Здесь Айзека держала только Викки, и сердце заныло, что он снова вынужден с ней расставаться, и в этот раз неизвестно как надолго. В доме Волански было суперкомфортно, но ноги сами несли.
Приняв план, ребят отпустило. Нервяк, царивший последние пару недель, спал. Принятое решение есть принятое решение, оно дает конкретную цель. Мысли переключаются на новую задачу. Им обоим не хотелось признавать, что логика поездки довольно хлипкая, что Линк с Сардинии мог уехать дальше, поэтому, не сговариваясь, они поддерживали и приободряли друг друга.
Вечером Айзек выдумаол очередной хороший знак. Ему пришло сообщение, короткое, но чрезвычайно обнадеживающее. Мишель Бланш спрашивала, как его дела. Он решил, что сегодня ему точно способствует удача. Забыв о Викки, он сразу вспомнил офигенный вечер с Мишель, который они провели у Волански, болтая и рассуждая, как старые друзья. Тогда она впервые проявила к нему настоящую симпатию.
Айзек ей ответил, что дела отлично, и, набравшись храбрости, добавил, что с удовольствием бы с ней снова увиделся. И чем скорее, тем лучше, потому как он собирается уезжать неизвестно насколько. В ожидании ответа от Мишель минуты растягивались в часы, и когда она, наконец, ответила: «Да, я освободила свой вечер, мы можем увидеться!» — на Айзека нахлынула эйфория. Айзек почувствовал прилив счастья.

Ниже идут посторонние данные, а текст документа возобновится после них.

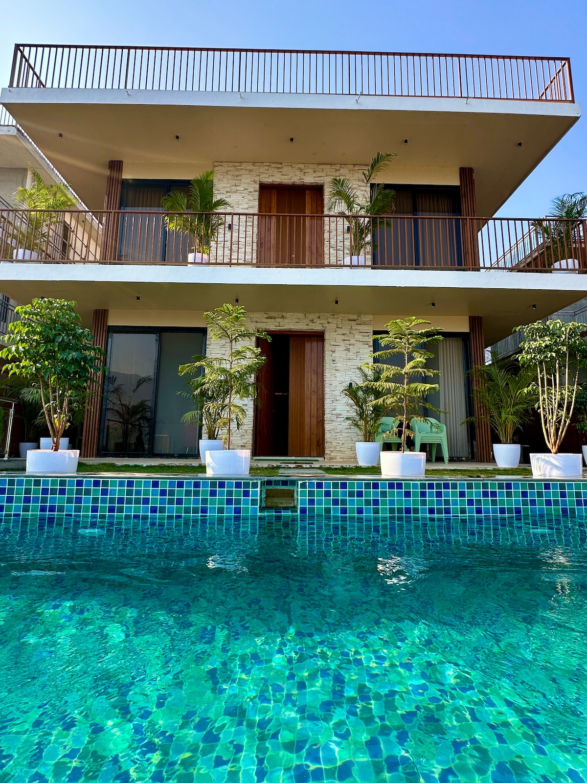 'Villa Elsewhere' is a luxurious, beautiful, private pool villa, just 60-90 mins drive from Mumbai. Surrounded by lush green views of fields, hills, and sounds of nature. The Villa has 3 AC en-suite bedrooms, a large AC living room that opens into a private pool and large deck with a Bar. The kitchen is fully equipped where a chef can make delicious meals (*extra charge). It is pet friendly (*extra fee). BOOK to relax in a calm peaceful vibe, for a get together, or to host the best part ever!

Все складывалось на редкость удачно, наконец-то появилась серьезная зацепка, зародившиеся отношения с Мишель приходили в желанное русло. Как же приятно влюбляться; воспоминания того вечера постоянно возвращались к Айзеку.
В такие дни он понимал, что в его жизни немало хорошего. Укладывая в чемодан свои вещи, он вспомнил, как они семьей в каникулы собирались на пикник в кемпинг. Ехали на машине. Это были настоящие приключения! Мать с отчимом по очереди рулили, а они с Викки зачарованно смотрели в окна.
Снова вспомнив о Викки, Айзек растерянно ощутил похожие чувства, что он испытывал к Мишель. «Ладно, еще будет время разобраться», — решил он.
Немного успокоившись, ребята стали размышлять, что им нужно, чтобы отправиться в дорогу и как туда добираться. У Айзека на этот счет имелось четкое мнение, но он знал, что Байки будет против, мечтая поехать на мотоцикле, и прежде чем поднять тему, долго подбирал слова. Как будто размышляя вслух, он говорил, что для слежки за магазином нужен бы какой-нибудь неприметный фургончик. И до Сардинии доехать надо, желательно, на машине, потому что на мотоцикле особо не поболтаешь. Вещей с собой набрать, крыша над головой, все дела. Если все пойдет успешно, то они вообще вернутся не одни. В конце концов, Байки сам понял, решение Айзек уже принял. Машины у них не было, только мотоцикл, и откуда он могли бы взять вэн?
— Скажи, Байки, а нельзя ли у твоей тусовки одолжить какой-нибудь фургончик? Как вариант, обменять на что-нибудь, что ценится в твоих кругах?
— Айзек, ты не хочешь, чтобы мы ехали на моем Харлее, и ты намекаешь, что нам откуда-то надо взять машину? И поскольку откуда-то она взяться не сможет, я должен Харлей продать или обменять? Ты что совсем охренел?!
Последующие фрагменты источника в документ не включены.